Robinson arrives at the House of St Barnabas, an imposing Georgian townhouse, wearing a blue mask and wrapped up in a camel-coloured woollen coat and patterned silk scarf. Our encounter is in that brief lull between lockdowns. The 39-year-old lawyer has checked the latest coronavirus restrictions with a fellow barrister at Doughty Street Chambers. When I email anxiously the day before to insist that we eat al fresco, she replies: “Have you been outside today? It’s bloody freezing!”

“As an Australian, even though I have acclimated, I do struggle a bit with the cold,” she laughs as she sits down at the wooden trestle table. Our meeting comes 10 years after Robinson first walked Assange into Kentish Town police station at the height of the WikiLeaks revelations, shortly after Sweden issued an international arrest warrant for him over sex crime allegations made by two Swedish women. (The Swedish investigation was finally dropped in 2019.)

Back then, in 2010, she and barrister Geoffrey Robertson QC, founder of Doughty Street Chambers, had been closely watching WikiLeaks’ output as it became a conduit for whistleblowers. “Geoff said, ‘he’s going to need our help . . . the US is going to go for him’,” she recalls.

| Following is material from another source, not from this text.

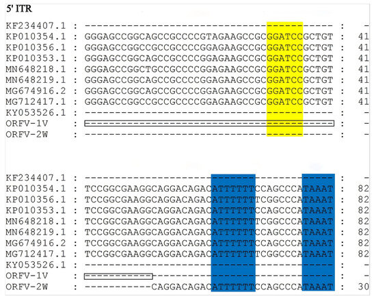 Alignment of ITR sequences from the ORFV-1V and ORFV-2W genomes with those from other isolates. The left terminal 5’-ITR sequences of eleven ORFV isolates were compared using MEGA version 11. The BamHI terminal region (GGATCC) and the telomere resolution sequence (ATT TTTT-N(8)-TAAAT) are indicated as yellow and blue boxes, respectively. The deletion region of ORFV-1V is indicated as a black box.

When she first met Assange, he was sitting at Robertson’s kitchen table in London quietly working on a laptop. He struck her as serious and guarded. She had just given a TV interview about human rights in West Papua and he was knowledgeable about the region. “Little did I know he’d probably been reading the [diplomatic] cables about it,” she says.

In the past year, she has barely seen Assange. The pandemic meant that legal visits to Belmarsh, the high-security prison in London where he has been held, have been cancelled. Robinson has also been busy — she represented actor Amber Heard in the high-profile Johnny Depp libel trial last year. She last spoke to Assange on the phone on the morning of our lunch. “There is a Covid outbreak on his wing in Belmarsh, so he can’t even leave his cell to wash,” she says. “Belmarsh is a difficult place at the best of times but through Covid it’s been . . .” — she pauses, searching for the right word — “so incredibly isolating”.

Assange remains a deeply polarising figure. To his supporters, the 49-year-old is an advocate for free speech and transparency who has revealed the truth about America’s wars at great personal cost. WikiLeaks’ extraordinary 2010 trove of secret documents, passed to Assange by Chelsea Manning, the former US military intelligence analyst, exposed the darker side of the conflicts in Iraq and Afghanistan, and laid bare Washington’s sometimes withering assessment of world leaders.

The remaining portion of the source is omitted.